Having the Karcher mean over $\{{\textbf{C}}_i\}$ calculated, which for sake of notation simplicity will be denoted as $\mathcal{K}_{C}$ , we may align the set of covariance matrices by applying the transformation $\mathcal{K}_{C}^{-1/2}\textbf{C}_i\mathcal{K}_{C}^{-1/2}$ . Then, the geodesic mean of the new, transformed covariance matrices, will be the identity matrix. This, transfer learning, procedure is typically employed in order to align multiple recordings so that each set of covariance matrices (i.e. each set stems from a different recording or subject) is centered at (i.e. has as geodesic mean) the identity matrix. Such a procedure offers the ability to use data from previous sessions or from a dataset of past users to calibrate and initialize the decoding scheme, allowing a calibration-less mode of operation.

It is important to notice that the previous algorithmic procedure of alignment, which operates on the covariance matrices, is equivalent to applying the $\mathcal{K}_{C}^{-1/2}$ as a spatial filter in the time domain. Therefore, the sensor signals X_i are spatially filtered as $\mathcal{K}_{C}^{-1/2}\textbf{X}_i$ . Exploiting Lemma 3, this is equal to $\textbf{U} \mathcal{K}_{D}^{-1/2} \textbf{U}^\top \textbf{X}_i$ . Then, replacing X_i by its linear mixture of sources (where U serves as the mixing matrix) leads to $\textbf{U} \mathcal{K}_{D}^{-1/2} \textbf{U}^\top \textbf{U} \textbf{S}_i$ . Since U is orthonormal the spatial filtering operation is equal to $\textbf{U} \mathcal{K}_{D}^{-1/2} \textbf{S}_i$ where the term $\mathcal{K}_{D}^{-1/2} \textbf{S}_i$ expresses the scaling of sources. More precisely, each row of S_i, which is a source signal, is multiplied by the corresponding diagonal element of $\mathcal{K}_{D}^{-1/2}$ . After the source signals have been scaled, they are mixed by U.

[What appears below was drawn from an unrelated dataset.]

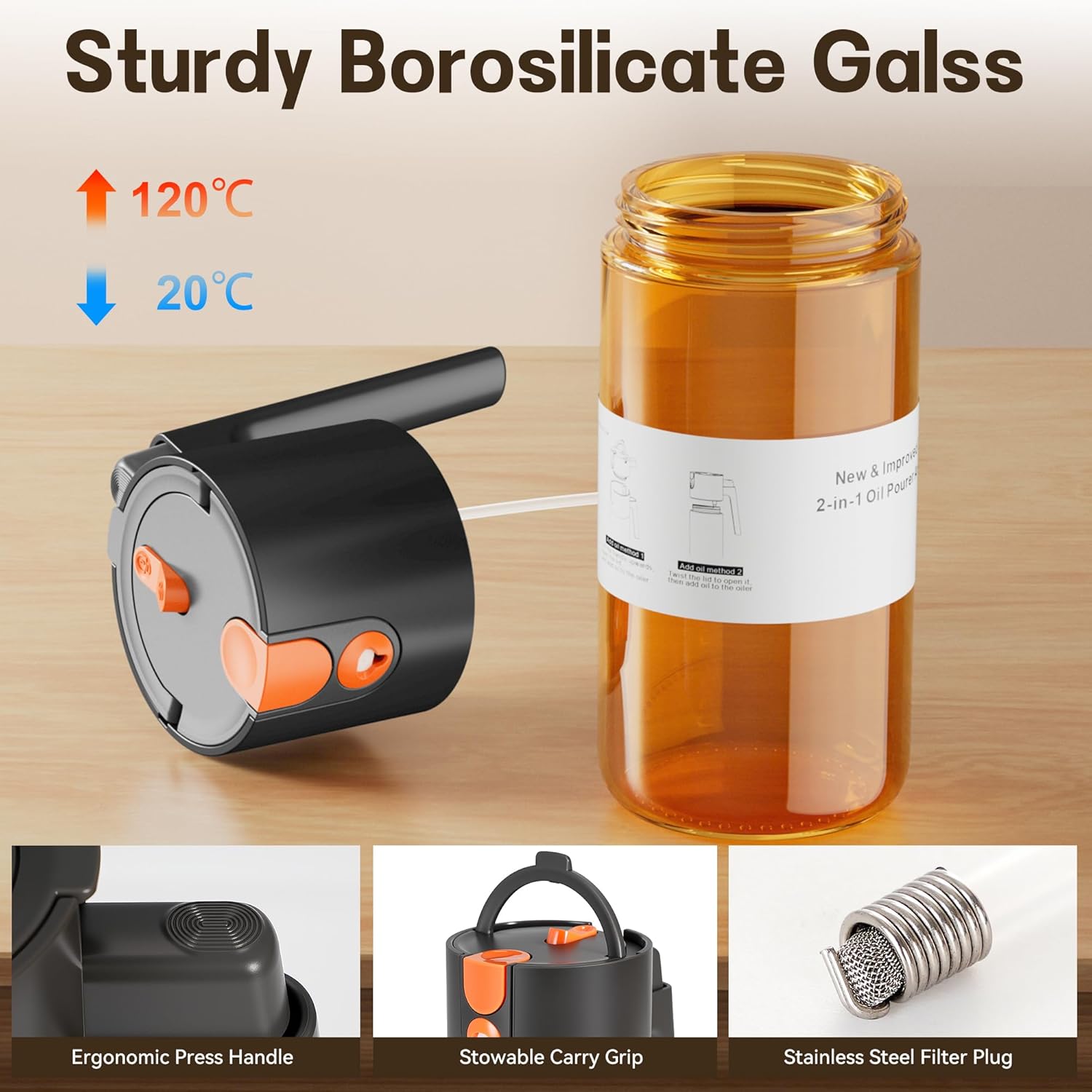 • Dual-Switch Upgrade: Moves beyond traditional sliding oil pour switches. Our press-button design is friendly to fingernail; And the spray switch integrates smoothly into the handle—enhancing both aesthetics and ease of cleaning.

2.3.1. SPD matrix quantization

In this section we exploit jointly diagonalizable SPD matrices in order to reformulate the concept of matrix quantization in a computationally efficient way. As in the typical vector quantization, it allows us to assign each SPD matrix to its closest prototype and consequently estimate the discretized description of a probability density function over a set of predefined prototypical matrices. Therefore, the following approach gives rise to a computationally efficient framework for functional connectivity microstate analysis that abides to Riemannian geometry. The advantage of this approach is that brain's functional connectivity is investigated as whole, instead of studying connectivity features individually.

The most straightforward way to obtain the prototypical matrices, collectively referred to as the codebook, is through the k-means algorithm. The classical k-means algorithm has been extended particularly for the SPD manifold under several Riemannian metrics, including the AIRM [29]. Given that the initial set of matrices admits a common eigenspace and the prototypes are calculated via the Karcher mean, these prototypes abide to the same eigenspace too. In order to assign each covariance to the closest prototype, it is essential to calculate its distance from each of the available prototypes.

Formally, the codebook $\{\textbf{A}_i\}$ with $i = 1,\ldots , k$ divides the manifold into k voronoi regions as follows

$\begin{align} \textbf{R}_i & = \{\textbf{C} \in \mathit{Sym}_E^+ : \delta (\textbf{C}, \textbf{A}_i) \leqslant \delta (\textbf{C}, \textbf{A}_j) \, \forall i,\nonumber\\ j & = 1,\ldots , i-1, i+1, \ldots , k \} .\end{align} \tag{ 6 }$

Then, to assign each spatial covariance matrix C_i to its closest A_i, one has to calculate $\delta (\textbf{C}_i, \textbf{A}_j) \, \forall j = 1, \ldots ,k$ . However, both of the involved matrices admit a common eigenspace U. By exploiting the congruence invariance property of δ we may simply calculate $\delta (\textbf{U}^\top \textbf{C}_i \textbf{U}, \textbf{U}^\top \textbf{A}_j \textbf{U})$ . Since under this transformation the matrices are diagonal, the calculation of δ reduces from $\mathcal{O}(E^3)$ to $\mathcal{O}(E)$ with E being the number of sensors. Therefore, the computational cost, in the context of Riemannian geometry-based microstate analysis, is significantly reduced. This is supported by the fact that the distance function, δ, has to be computed k times (k denoting the number of prototypes that form the codebook) for each of the given covariance matrices in order to uncover the closest prototype.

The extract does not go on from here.